START Dataset content

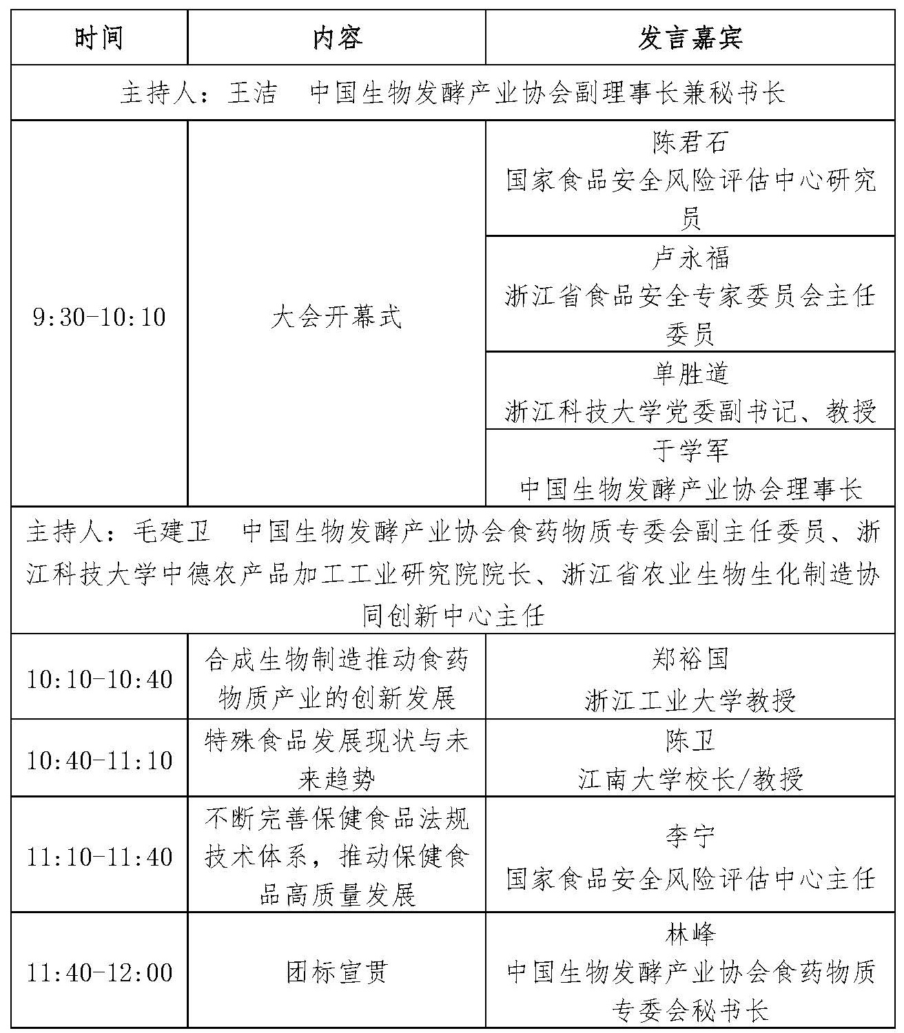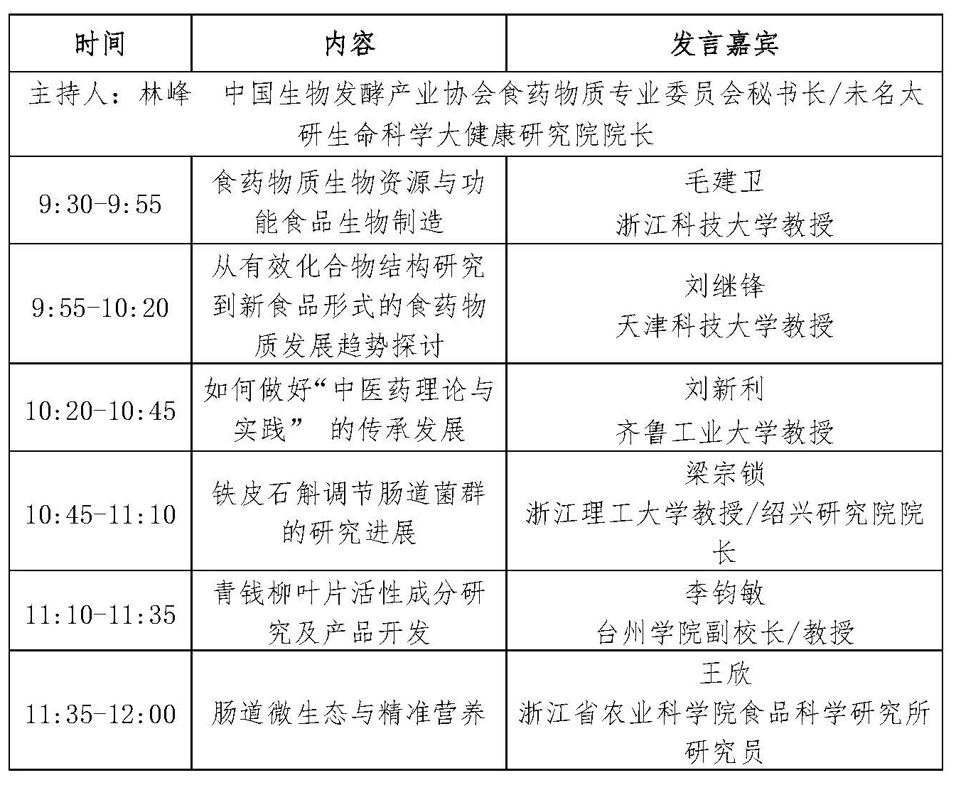 大会拟邀请来自生物发酵、生物医药、食品营养、临床营养、中医药、消费市场等多个领域的权威学者、头部企业代表等40余位专家到会作主题报告。会议分设不同主题的专题论坛,交流探讨食药物质技术创新、发展新机遇和新赛道、法规新进展,共同促进我国食药物质产业高质量发展。
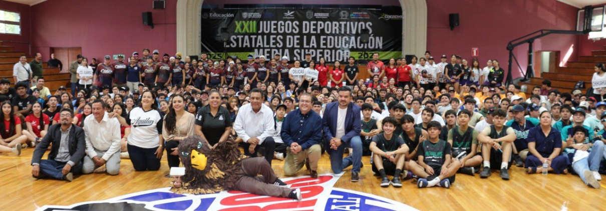 El presidente municipal Salvador Calderón encabezó la ceremonia inaugural de las competencias estatales organizadas por el Consejo Nacional para el Desarrollo del Deporte en la Educación Media Superior (COEDEMS), evento que reunió a más de 80 equipos provenientes de 25 instituciones educativas de todo el estado.
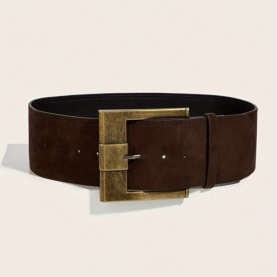 TEMU 여성 빈티지 구리 사각 버클 벨벳 와이드 허리 벨트 1개, 가을, 가을, 할로윈 의상 및 코트에 이상적
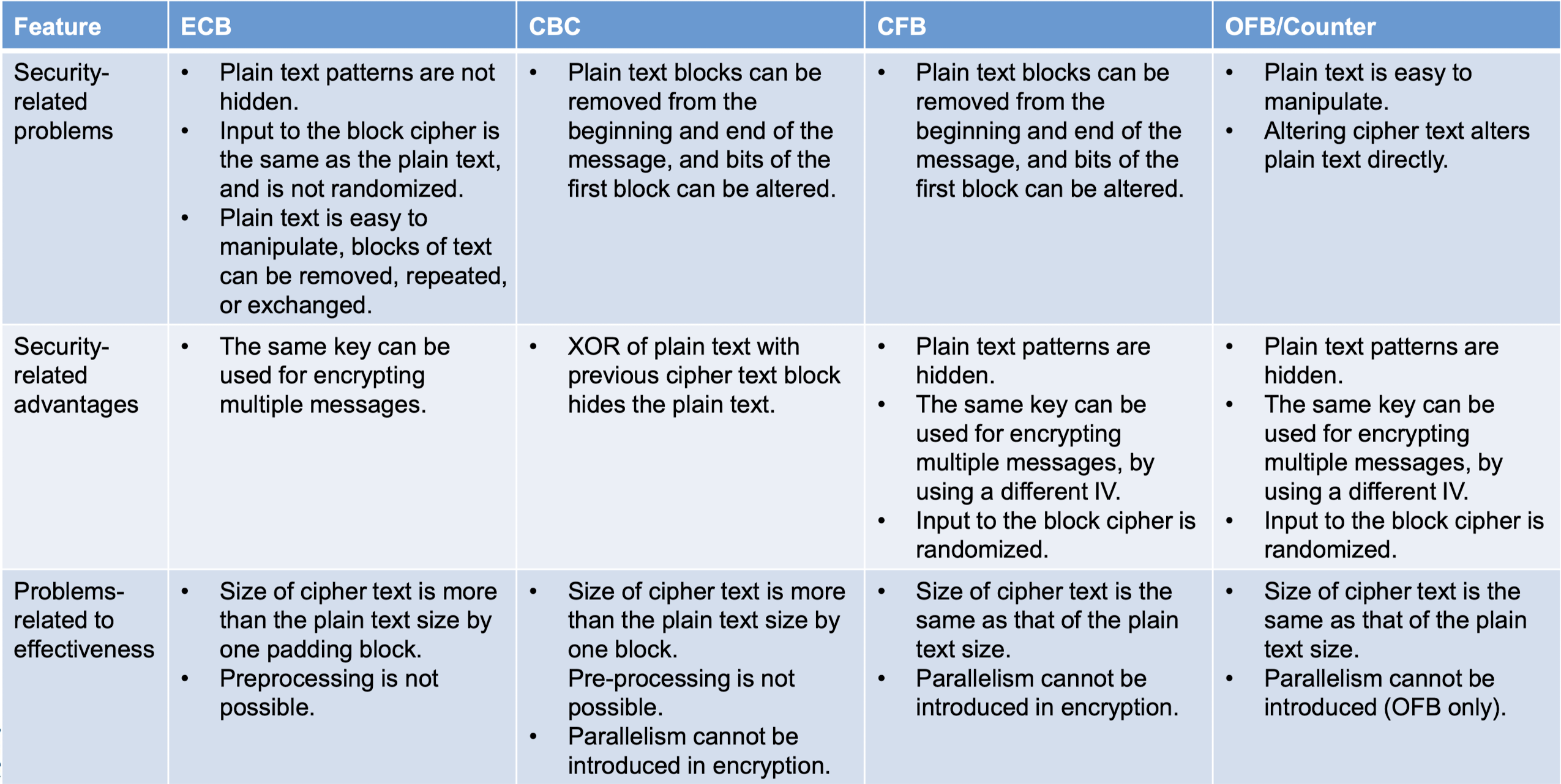 - Eve가 블록 8이 항상 특정 정보를 전달한다는 것을 알면, 이전에 가로챈 메시지의 해당 블록으로 교체할 수 있음

END Dataset content

The data is to be restated word for word, with any pictures set aside.

— Response for this exercise —
 大会拟邀请来自生物发酵、生物医药、食品营养、临床营养、中医药、消费市场等多个领域的权威学者、头部企业代表等40余位专家到会作主题报告。会议分设不同主题的专题论坛,交流探讨食药物质技术创新、发展新机遇和新赛道、法规新进展,共同促进我国食药物质产业高质量发展。
 El presidente municipal Salvador Calderón encabezó la ceremonia inaugural de las competencias estatales organizadas por el Consejo Nacional para el Desarrollo del Deporte en la Educación Media Superior (COEDEMS), evento que reunió a más de 80 equipos provenientes de 25 instituciones educativas de todo el estado.
 TEMU 여성 빈티지 구리 사각 버클 벨벳 와이드 허리 벨트 1개, 가을, 가을, 할로윈 의상 및 코트에 이상적
 - Eve가 블록 8이 항상 특정 정보를 전달한다는 것을 알면, 이전에 가로챈 메시지의 해당 블록으로 교체할 수 있음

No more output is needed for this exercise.